*THE PROBLEM*
The output is the line containing "アフリカンテキスタイルのペイ" plus every later line down to the end of the listing below, copied exactly. No pictures belong in it.

*SUPPLIED INFORMATION*
···

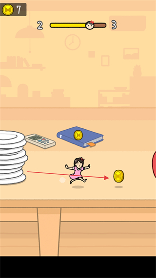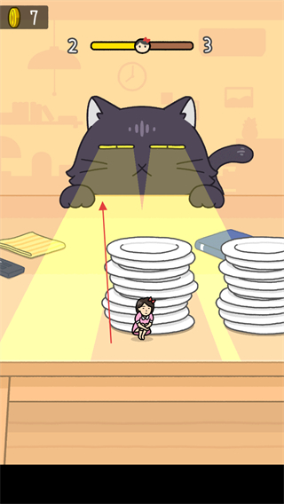 1、操控小人躲避黑猫,收集桌上金币,同时观察上方进度条,避免被黑猫发现。
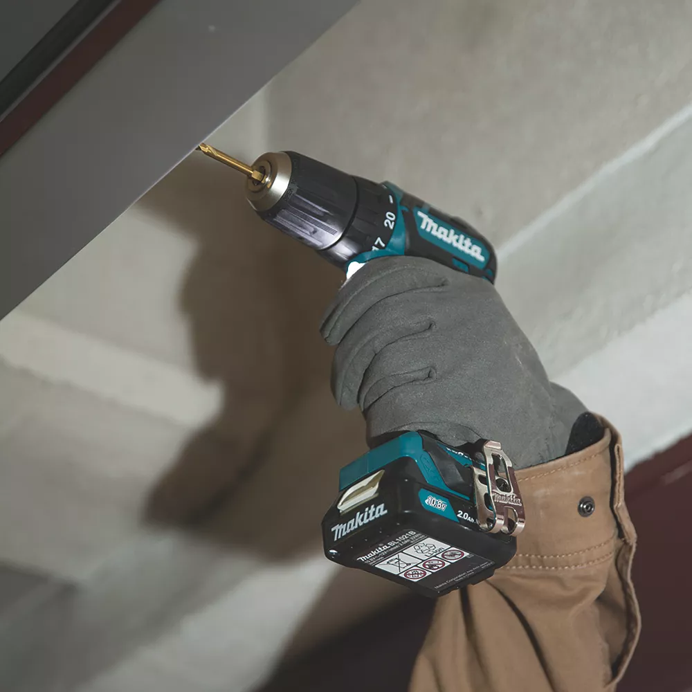 Compact design and a soft-grip handle allow comfortable use. Mechanical 2-speed gearbox and variable speed trigger control result in an impressive drilling capacity of 10mm into steel and 21mm into wood. Keyless chuck and LED work light with pre-glow and afterglow functions.
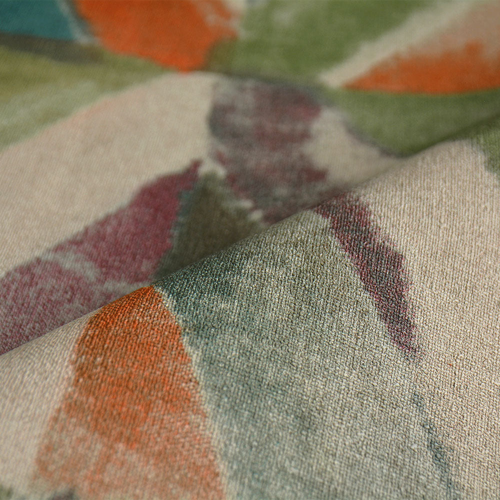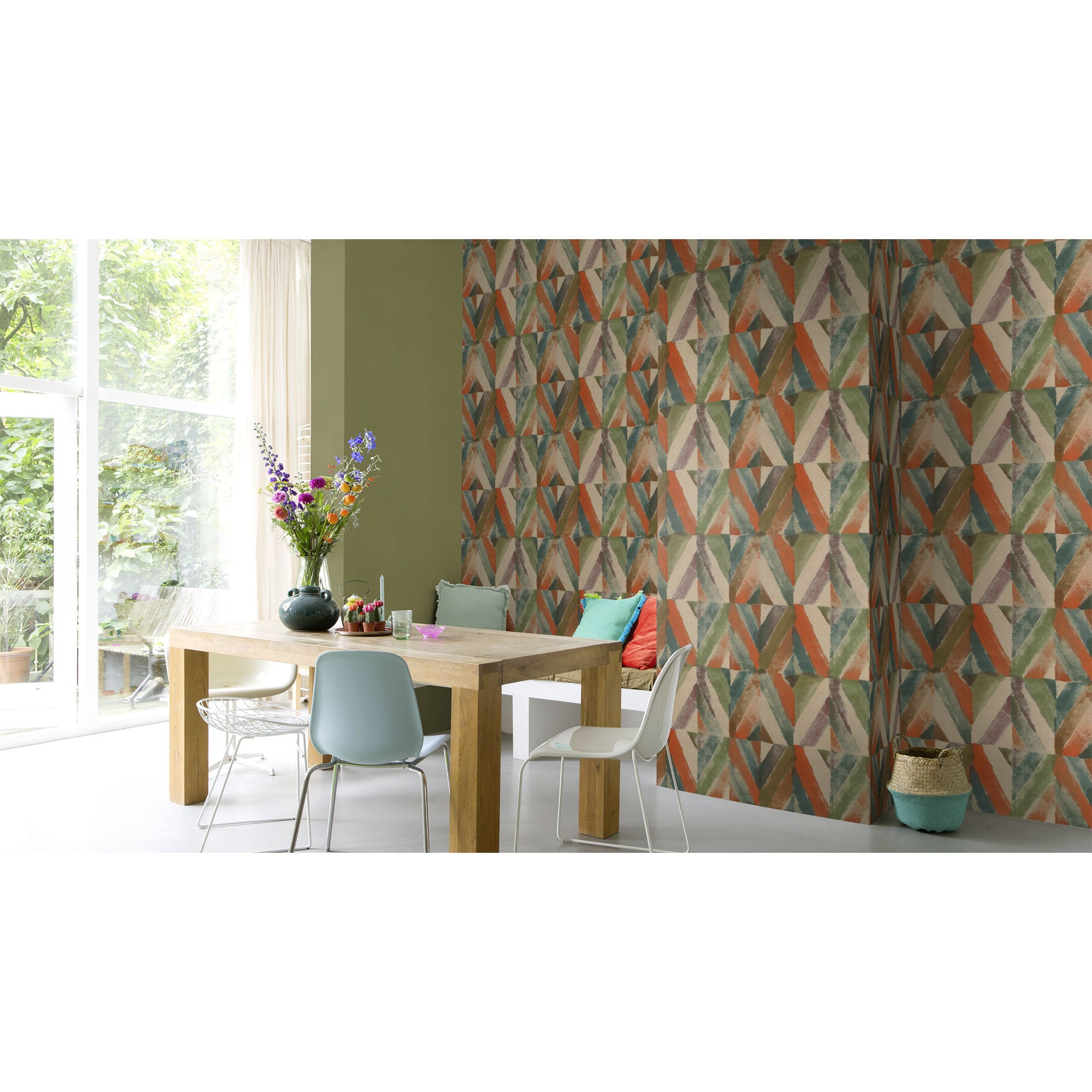 アフリカンテキスタイルのペインティングとファブリックを思わせる表面のテクスチャーがこのデザインの世界観を作り出しています。アースカラーを基調にしているのでシックで居心地の良い空間演出ができます。
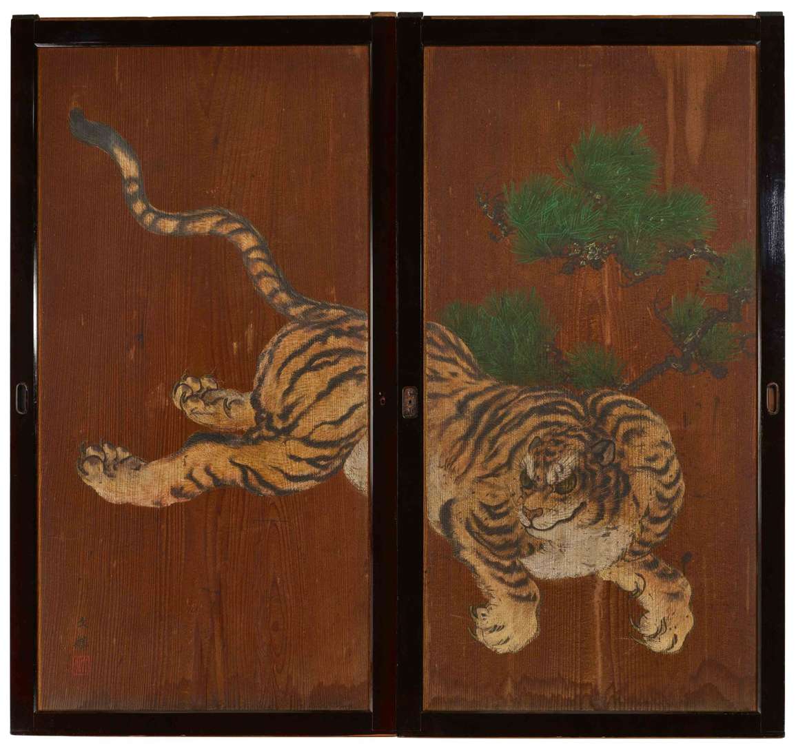 Décorées à l'encre et couleurs d'un grand tigre bondissant sous un pin. Le revers avec deux chevaux sous un pin et une glycine en fleurs. Chaque côté signé et scellé Bunrin.

···

*ANSWER AREA*
 アフリカンテキスタイルのペインティングとファブリックを思わせる表面のテクスチャーがこのデザインの世界観を作り出しています。アースカラーを基調にしているのでシックで居心地の良い空間演出ができます。
 Décorées à l'encre et couleurs d'un grand tigre bondissant sous un pin. Le revers avec deux chevaux sous un pin et une glycine en fleurs. Chaque côté signé et scellé Bunrin.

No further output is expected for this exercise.